Dems push to include contractor back pay in any shutdown deal
A growing group of Democratic lawmakers is pushing for legislation that would provide back pay to low-wage government contractors, and they want their measure included in any final funding deal that’s struck before a Feb. 15 deadline.
While about 800,000 federal workers are guaranteed to receive back pay for the 35-day shutdown that ended Friday, furloughed contractors don’t have any statutory protections to recoup lost wages stemming from the shutdown.
{mosads}“The federal shutdown isn’t over for thousands of businesses and their employees,” said Sen. Tina Smith (D-Minn.) on Tuesday, flanked by contract workers in the Service Employees International Union (SEIU) 32BJ union. “Contractors like these ones have never been made whole after any shutdown, and that needs to change.”
Many of the low-wage contractors are security guards, cleaners and food workers who provide services in federal buildings. After a shutdown, it’s up to individual contracting companies to decide who gets paid, and the businesses that furloughed workers aren’t being reimbursed for lost service during the shutdown.
“It really devastated my family,” said Lila Johnson, who has worked as a sanitation worker at the Department of Agriculture for 21 years and ended up withdrawing funds from her life insurance policy.
Johnson blamed the shutdown on President Trump.
“He held us hostage for 35 days,” she said. “I feel personally he’s still holding us hostage.”
De’von Russell, a security guard at the Smithsonian Museum of Natural History, said he was concerned about whether he would be able to keep his car as he worked to make rent, pay off credit card bills and support his family, including his 3-year-old daughter.
“We’re still in the hole. Who knows when we’re going to get a decent paycheck?” he said, adding that it seemed unfair that federal employees would be fully paid while contractors like him were not.

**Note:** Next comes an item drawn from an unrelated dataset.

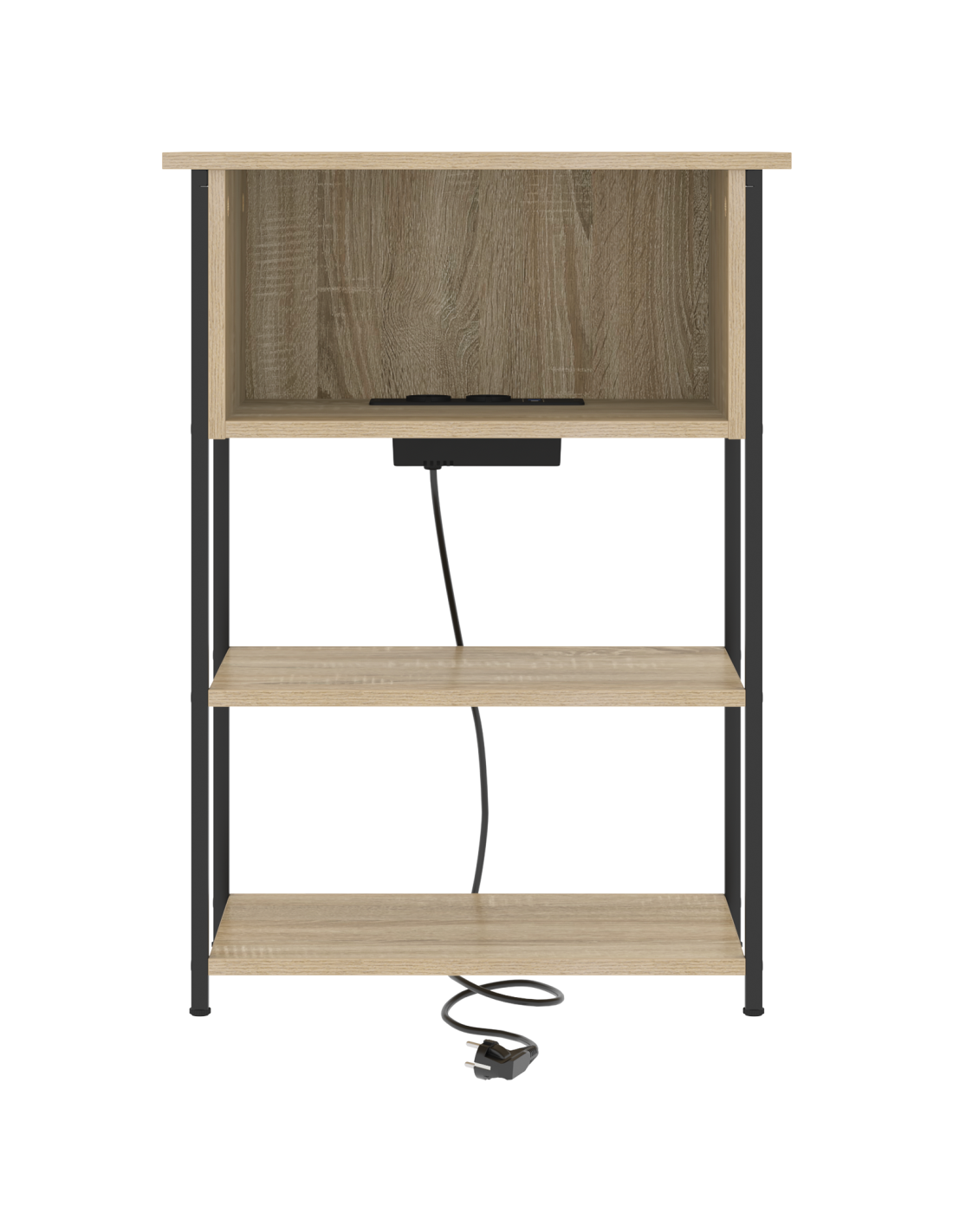 - Struttura in acciaio robusta: Questo comodino ha un telaio in acciaio, che assicura robustezza. La base forte supporta il mobile e si integra bene con il suo aspetto rustico.

“I don’t see the difference in why we should be held without back pay,” he said. “We’re basically doing the same job they’re doing.”
Hector Figueroa, president of 32BJ SEIU, said those stories were common among low-wage contractors.

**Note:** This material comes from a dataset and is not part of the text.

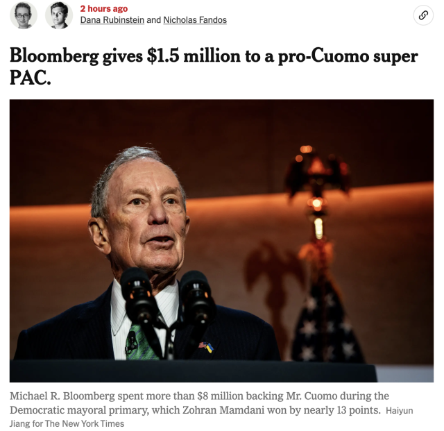 前市长迈克尔·布隆伯格近期向支持安德鲁·葛谟的超级PAC“修复城市”捐赠150万美元,用于反曼达尼宣传。布隆伯格虽曾在9月与曼达尼会面并评价其“聪明、积极”,但最终公开支持葛谟,称其“拥有应对纽约挑战的经验与意志”。这是布隆伯格自民主党初选以来首次涉足市长竞选。曾任三届市长的中间派布隆伯格一直持观望态度。

“Our members, they live from paycheck to paycheck,” he said. “They hardly have any other resources or savings to rely on. And very often, if they don’t get paid back, their lives will be impacted forever.”
Smith has introduced a bill that would allow certain types of contractors already defined in federal law to request payment from the government for their workers. Reimbursements would be capped at 200 percent of the poverty line, roughly $50,000 a year.
Smith said the legislation, which has garnered support from 37 senators, was discussed in the Democratic caucus lunch Tuesday and that there was interest from Democratic leadership in pushing it forward.
A House version of the bill, introduced by freshman Rep. Ayanna Pressley (D-Mass.) and Del. Eleanor Holmes Norton (D-D.C.) has picked up 29 cosponsors, but no guarantees that it will be included in any final spending package.
“Our contract workers are out there and could be forgotten,” said Holmes Norton. “We have an obligation to make up what was lost.”